# stuebenville open series!



## Bad Bub (Jan 17, 2006)

july 31
aug. 21
sept. 19

all tourn. are 7-3 launching from the steubenville marina. entry fee is $60.00 per boat. includes big bass. 100% payback! $10.00 one time sign up fee per person.


there will also be an open to benifit the "just be clause" organization, which distributes food and toys to needy families at christmas time. this tourn. will be july 10. time will be 7-3 with a $100.00 entry fee. 80% pay out. no pre-entries. any questions please feel free to reply or pm.


----------



## adamsteve14 (Apr 17, 2010)

I'll be fishing the 'Just Be Clause" tournament on the 10th.
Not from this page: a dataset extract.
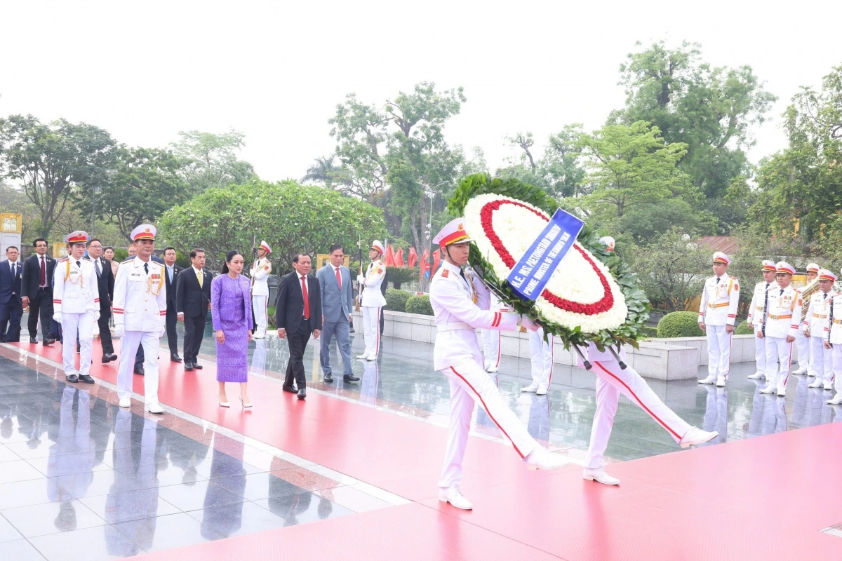 เช้าวันเดียวกัน นายกรัฐมนตรีไทยพร้อมคณะผู้แทนระดับสูงของรัฐบาลไทยก็ได้ไปวางพวงมาลาที่อนุสาวรีย์ทหารพลีชีพเพื่อชาติและเข้าเคารพศพประธานโฮจินห์

So pumped.


----------



## Bad Bub (Jan 17, 2006)

bump to top...


----------



## Bad Bub (Jan 17, 2006)

just a reminder of the tourn. on sat. the river is tough right now but guys are still catching a few. to me that just means that anybody could win this thing. hope to see some of you out there.


----------



## Procraftboats21 (Apr 6, 2004)

you could say its a little tougher than normal 

http://www.thex-series.com/tournamentresults/2010-X-Series/2010-OhioRiverWV-071810-ALL.php


----------



## Bad Bub (Jan 17, 2006)

Procraftboats21 said:


> you could say its a little tougher than normal
> 
> http://www.thex-series.com/tournamentresults/2010-X-Series/2010-OhioRiverWV-071810-ALL.php


come on A.J., your not helping my cause here.


----------



## Procraftboats21 (Apr 6, 2004)

i like it when its tough, a couple keepers gets you paid!


----------



## ChampioNMan (Mar 17, 2009)

Hey Bub,any results???????? Couldn't drag myself out for this one.


----------



## Bad Bub (Jan 17, 2006)

ChampioNMan said:


> Hey Bub,any results???????? Couldn't drag myself out for this one.


only 6 boats showed. took somewhere around 2.5 lbs to win. everyone did have atleast 1 keeper though! which was better than my last outing.


----------



## Bad Bub (Jan 17, 2006)

just a reminder... we'd love to see ya'll there.
sat. aug 21, 7-3.


----------



## Bad Bub (Jan 17, 2006)

6 boats again this week. 1st place was just over 5lbs. and they actually weighed in a limit! river may be looking up.... lol


----------



## hudestack (Oct 15, 2009)

river bite is better took 6.5 with 5 fish on sunday


----------



## Bad Bub (Jan 17, 2006)

hudestack said:


> river bite is better took 6.5 with 5 fish on sunday


i saw that! (kurt sends me the results) hopefully things will start looking up from here on out.


----------



## Bad Bub (Jan 17, 2006)

last one of the season this weekend. river still isn't great... but it's cooling down and the weights are getting better. fixin' to bust loose anyday now! (i hope...)


----------